Required work » Only the lines below from the one containing "エーワン ラベルシールA4 24面" through the one containing "그런데 하이브리드 뇌는" belong in the answer, repeated exactly and without pictures.

[Provided records — start]

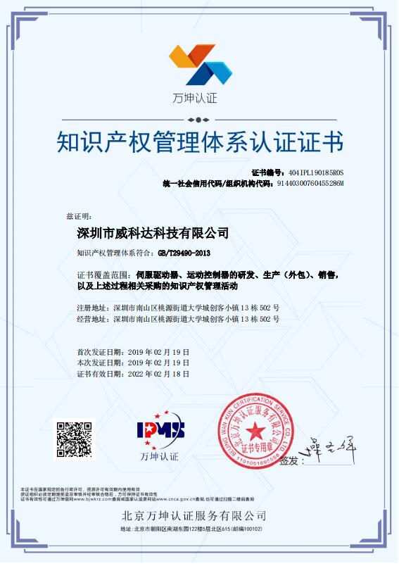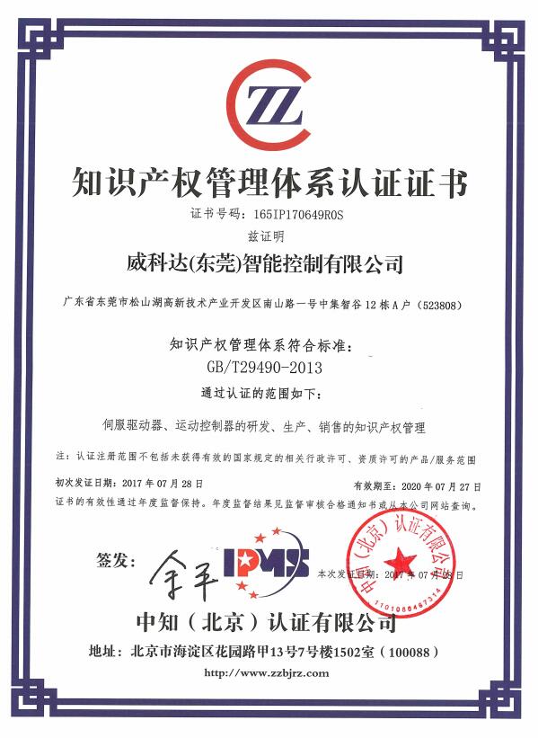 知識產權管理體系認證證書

[Provided records — finish]
[Provided records — start]

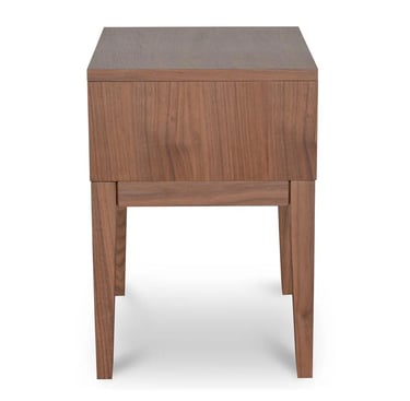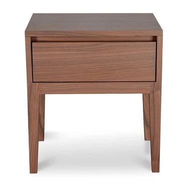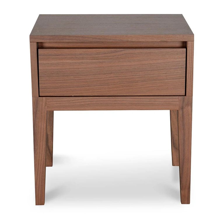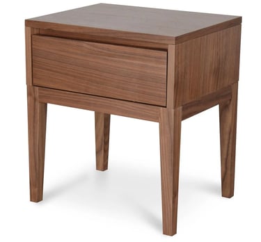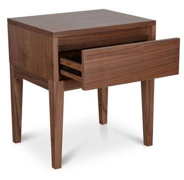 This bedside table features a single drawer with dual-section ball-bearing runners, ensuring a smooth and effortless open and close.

[Provided records — finish]
[Provided records — start]

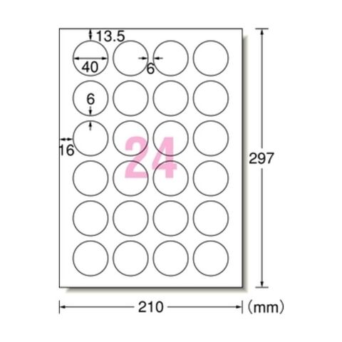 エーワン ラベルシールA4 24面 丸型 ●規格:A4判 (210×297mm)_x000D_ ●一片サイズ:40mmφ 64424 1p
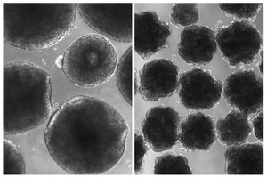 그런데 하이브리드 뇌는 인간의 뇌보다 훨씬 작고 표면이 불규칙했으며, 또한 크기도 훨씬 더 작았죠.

[Provided records — finish]

Response to the task »
 エーワン ラベルシールA4 24面 丸型 ●規格:A4判 (210×297mm)_x000D_ ●一片サイズ:40mmφ 64424 1p
 그런데 하이브리드 뇌는 인간의 뇌보다 훨씬 작고 표면이 불규칙했으며, 또한 크기도 훨씬 더 작았죠.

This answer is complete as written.